Так и решили. Статью поручили подготовить начальнику штаба артиллерии РККА генералу Ф. А. Самсонову и Виктору Смирнову. Она сразу же была опубликована.
Так и решили. Статью поручили подготовить начальнику штаба артиллерии РККА генералу Ф. А. Самсонову и Виктору Смирнову. Она сразу же была опубликована.
Между прочим, позже, вернувшись из поездок по фронтам, Самсонов признался нашему корреспонденту:
Откровенно говоря, не ожидал… Сомневался и все жалел, что отказались от новой директивы. Думал, «за подписью и печатью» получится лучше, будет посильней. А сильнее-то оказалось слово газеты.
Больше стало в газете и писательских материалов. Напечатана корреспонденция Василия Ильенкова «Комсомольский вожак». Последнее время он писал главным образом очерки и рассказы, и мы это поощряли, так как авторов для корреспонденций и репортажей у нас было достаточно — журналистский корпус действовал безотказно.
Василий Павлович объяснил, как родилась корреспонденция. Был он в одном из батальонов отдельной стрелковой бригады. Попал на заседание комсомольского бюро. Большое впечатление на него произвел комсорг лейтенант Вертянкин. Обсуждали поведение автоматчика Тер-Абрамова. Что-то он не так вел себя. На бюро он каялся, заверял, что больше никогда товарищи не услышат о нем ничего плохого.

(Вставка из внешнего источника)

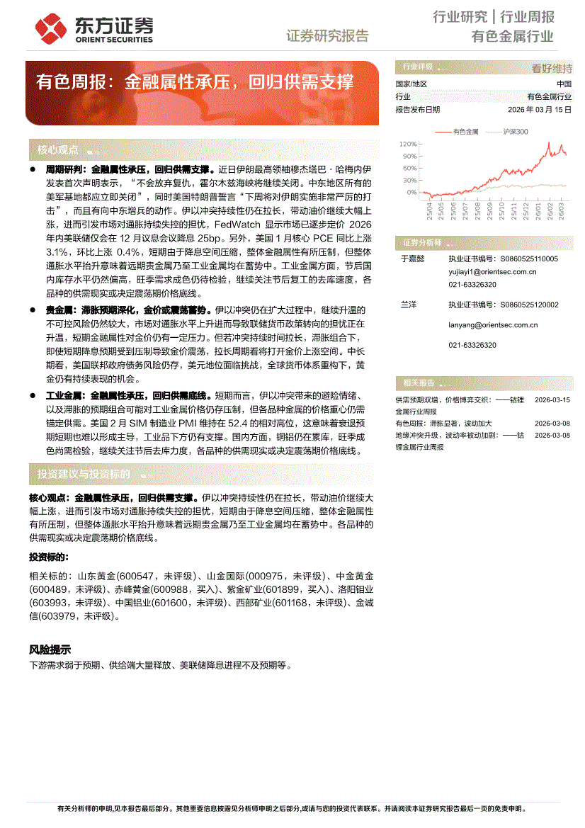 有色金属行业:东方证券-有色行业周报:金融属性承压,回归供需支撑-260315

Этого мало, товарищ Тер-Абрамов. Мы ждем, что о вас будут говорить только хорошее, — вот такой афористичной фразой поправил его комсорг.
А когда кто-то предложил объявить выговор другому нерадивому комсомольцу, Вертянкин не поддержал:
— Выговор — самое легкое дело, а нужно в человеке разбудить совесть…
Не зря задержался писатель в этом батальоне на двое суток. Присмотрелся поближе к комсомольскому вожаку и написал о нем.
Как-то во время одной из встреч с Борисом Полевым уже после войны заговорили мы о Василии Ильенкове.
А первым-то написал о Маресьеве не я, а Василий Павлович. Приоритет за ним, — сказал Полевой.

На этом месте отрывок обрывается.